Aztec remembers my scent and I can enter the work with very little in the way of a join up these days. Aztec is old and I’m told that he sadly won’t live much longer. The irony is he can’t eat as his teeth have so deteriorated. I feel warm inside, when I think that I have contributed to a better life for this creature. Furthermore with something so free, wild and unexpected as dance. I do hope he dances in heaven. I know he has been here to help me heal in ways that humans simply couldn’t.

The horses on the farm where I engage in E-ANT are mostly rescued horses that are being supported to heal and recover in this work with humans.

 

 

 

 

I’m closer every day to being Fiona as I believe I was created to be. The fact that I am sitting here writing in the company of my 18-month-old boy, am married to an incredible husband and soul mate and will get up and practice some dancing soon, as I do on most days, is a testament that I have not and will not let Anorexia Nervosa (AN) take my life.

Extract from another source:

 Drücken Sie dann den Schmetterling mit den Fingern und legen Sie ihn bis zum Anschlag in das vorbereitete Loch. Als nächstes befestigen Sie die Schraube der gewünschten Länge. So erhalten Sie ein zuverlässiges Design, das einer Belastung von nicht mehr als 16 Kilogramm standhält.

I am based on the beautiful Sunshine Coast in Queensland, Australia, having relocated here almost five years ago. This relocation was propelled by a moment when Anorexia became particularly life-threatening and I had to surrender to my first hospital admission. During three long months of bed rest and subsequent months of day treatment, I recognised that (a) standard medical intervention is useful for crisis points but not long term treatment for longstanding AN (b) if AN persisted I would continue to need this intervention especially as I had developed Crohn’s and Fibromyalgia (c) recovery living alone and away from family felt insurmountable (d) there was still a deep-seated yearning within me to experience life without AN and an even deeper trust that one day, I would.

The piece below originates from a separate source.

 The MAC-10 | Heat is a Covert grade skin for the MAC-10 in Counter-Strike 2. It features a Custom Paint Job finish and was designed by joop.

I love to dance and have been dancing for most of my life, formally for 30 years. I’m a dance choreographer, performer, movement educator and researcher and for the most part, have been able to pursue my studies and professional practice in these areas despite AN.  My approach to movement and dance comes from engagement in a diversity of classical and contemporary dance, somatic, compositional and performance practices both locally and internationally, spanning more than two decades. My artistic works examine a diversity of themes including ageing, natural disaster, loneliness, the ordinary, infirmity and motherhood. Indirectly I see my journey with AN speaking through all of these themes.

Since moving five years ago, my practice has augmented to also specialize in the facilitation and direction of artistic works with artists who recognize as having a disability. In this work I combine both artistic and somatic expertise to support rigorous development processes and professional level performances, ultimately shifting perceptions of what is possible in this arena. I am passionate about supporting individuals to creatively and potently express themselves and tell their stories through dance. This work has been incredibly healing for me. It has shifted attitudes that I adopted from a young age about what kinds of bodies can dance and what is ‘good’ dancing.

For the past three years, I have been actively volunteering as a creative arts movement therapist with the local eating disorders community and re-established my practice teaching Alexander Technique. My explorations in Equine Assisted Narrative Therapy have led to some exciting choreographic work as well as supporting deep healing. My ongoing series of faith-driven dance films, Dancing Fire n Love continue to be created and screened at music festivals throughout the country. I am currently re-writing my book, Body Mapping, which is designed to support people to gain an experiential and practical understanding of how their bodies are designed and how this design moves. I love anatomy and always have.

I keep busy and am intensely devoted to dance and creative expression. I dance to live and I live to dance. It is truly my happy place and mercifully one that AN has never found access to.